:: TASK ::
Reprint all of the data below exactly as shown and skip every image.

::: DATA SEGMENT

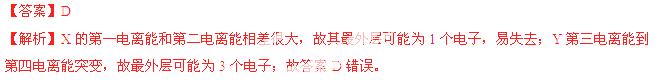 已知X、Y是主族元素,I为电离能,单位是kJ·mol-1。请根据下表所列数据判断,下列说法错误的是( )
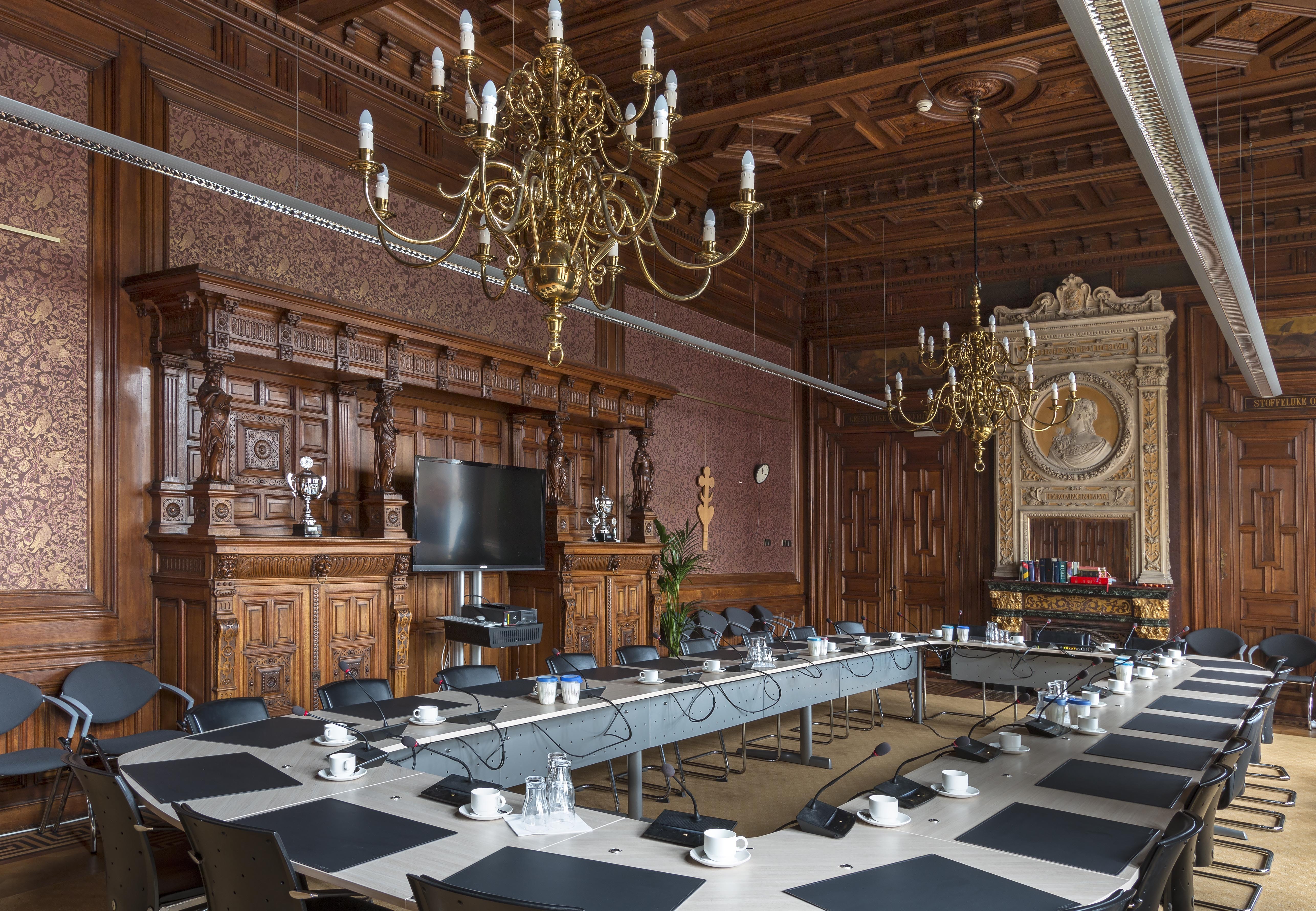 De zaal van de ministerraad, die het gehele middengedeelte van de vleugel aan de Pleinzijde beslaat, heeft een rijk cassettenplafond, betimmeringen, een erkeruitbouw met houten zuilen, waarvan de schatten versierd zijn met cannelures en de kapitelen de Corinthische orde vertonen, twee schoorsteenmantels van zwart en groen marmer met wit marmeren kapitelen en in de boezem in reliëf uitgevoerde borstbeelden. Deze stellen voor koning Willem III en koningin Emma, gebeeldhouwd door B.J.W.M. van Hove. Boven de deuren te weerszijden van de schoorsteenmantels dessus-de-portes en N.van der Waaij, E.S.Witkamp Jr. en H.J.Haverman, voorstellend allegorische onderwerpen. Voorts in deze zaal twee dressois met caryatiden naar ontwerp van C.Peters. Twee koperen lichtkronen, uit deze zaal afkomstig hangen thans in het achterste trappehuis.
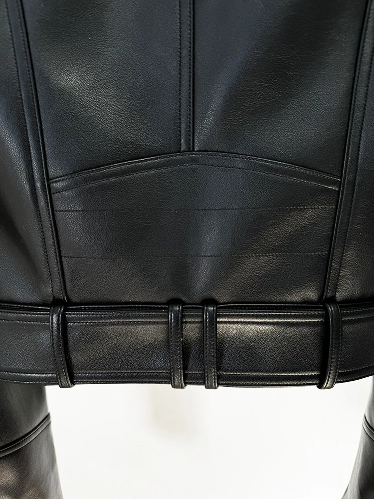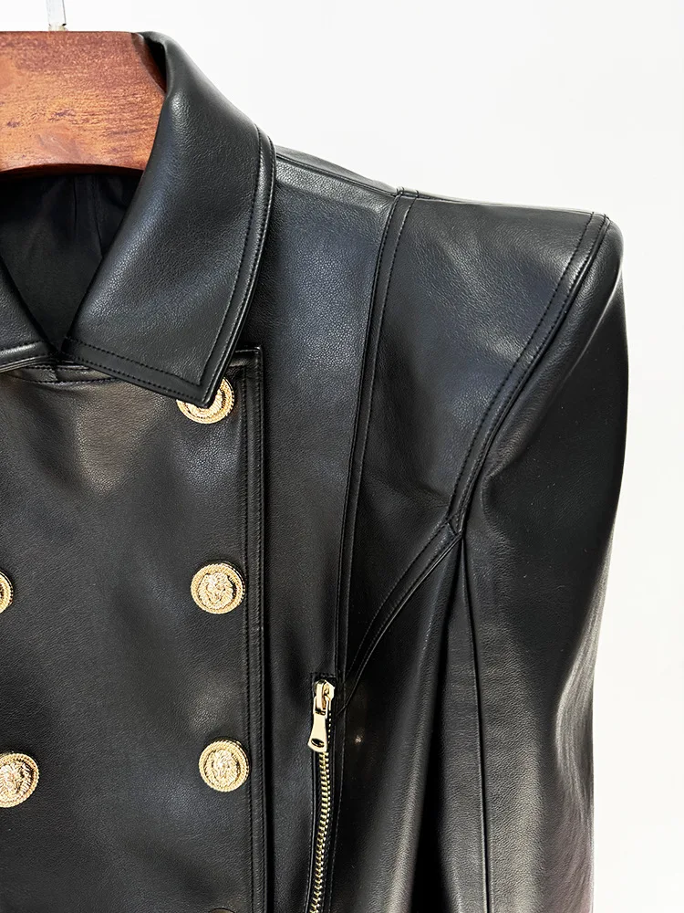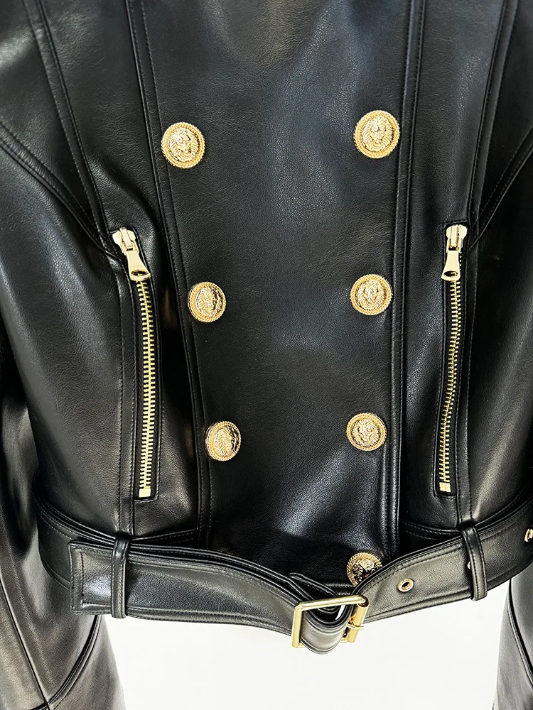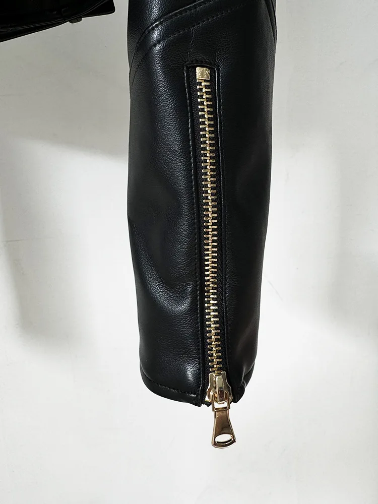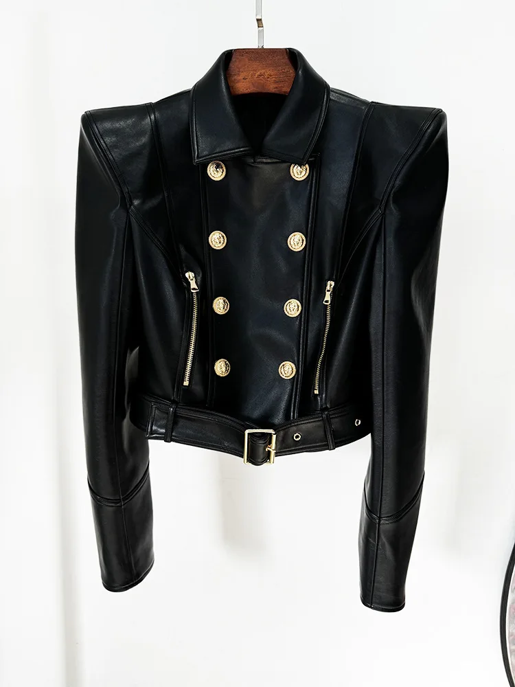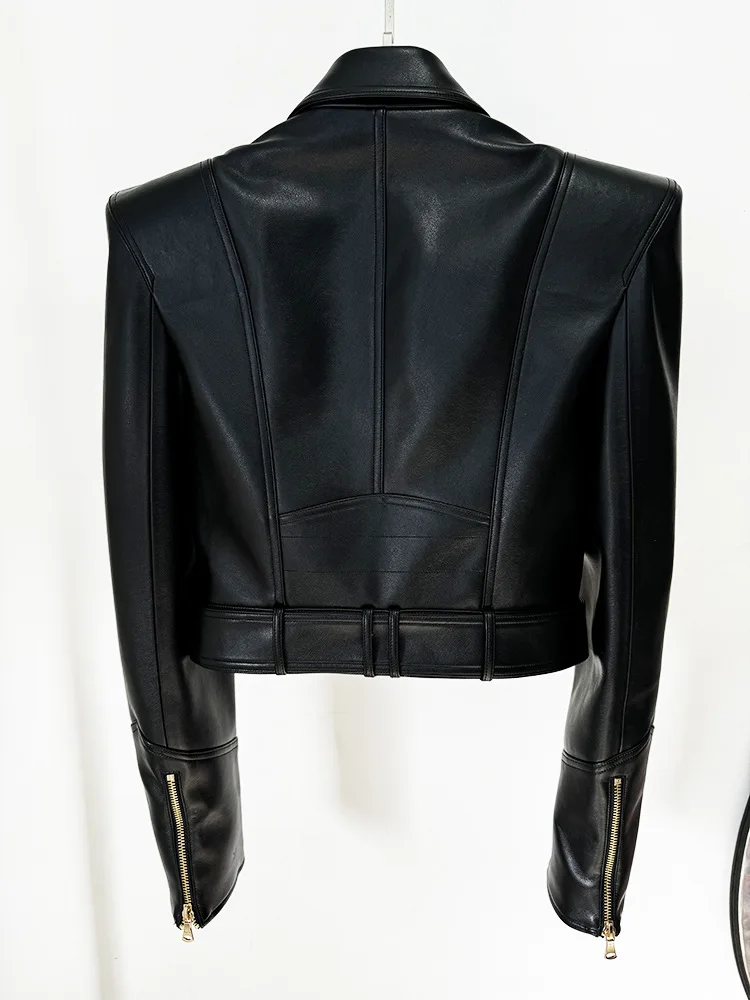 2025 Fashion Personalized Double breasted Short Motorcycle Leather Jacket

::::::

:: ANSWER SECTION ::
 已知X、Y是主族元素,I为电离能,单位是kJ·mol-1。请根据下表所列数据判断,下列说法错误的是( )
 De zaal van de ministerraad, die het gehele middengedeelte van de vleugel aan de Pleinzijde beslaat, heeft een rijk cassettenplafond, betimmeringen, een erkeruitbouw met houten zuilen, waarvan de schatten versierd zijn met cannelures en de kapitelen de Corinthische orde vertonen, twee schoorsteenmantels van zwart en groen marmer met wit marmeren kapitelen en in de boezem in reliëf uitgevoerde borstbeelden. Deze stellen voor koning Willem III en koningin Emma, gebeeldhouwd door B.J.W.M. van Hove. Boven de deuren te weerszijden van de schoorsteenmantels dessus-de-portes en N.van der Waaij, E.S.Witkamp Jr. en H.J.Haverman, voorstellend allegorische onderwerpen. Voorts in deze zaal twee dressois met caryatiden naar ontwerp van C.Peters. Twee koperen lichtkronen, uit deze zaal afkomstig hangen thans in het achterste trappehuis.
 2025 Fashion Personalized Double breasted Short Motorcycle Leather Jacket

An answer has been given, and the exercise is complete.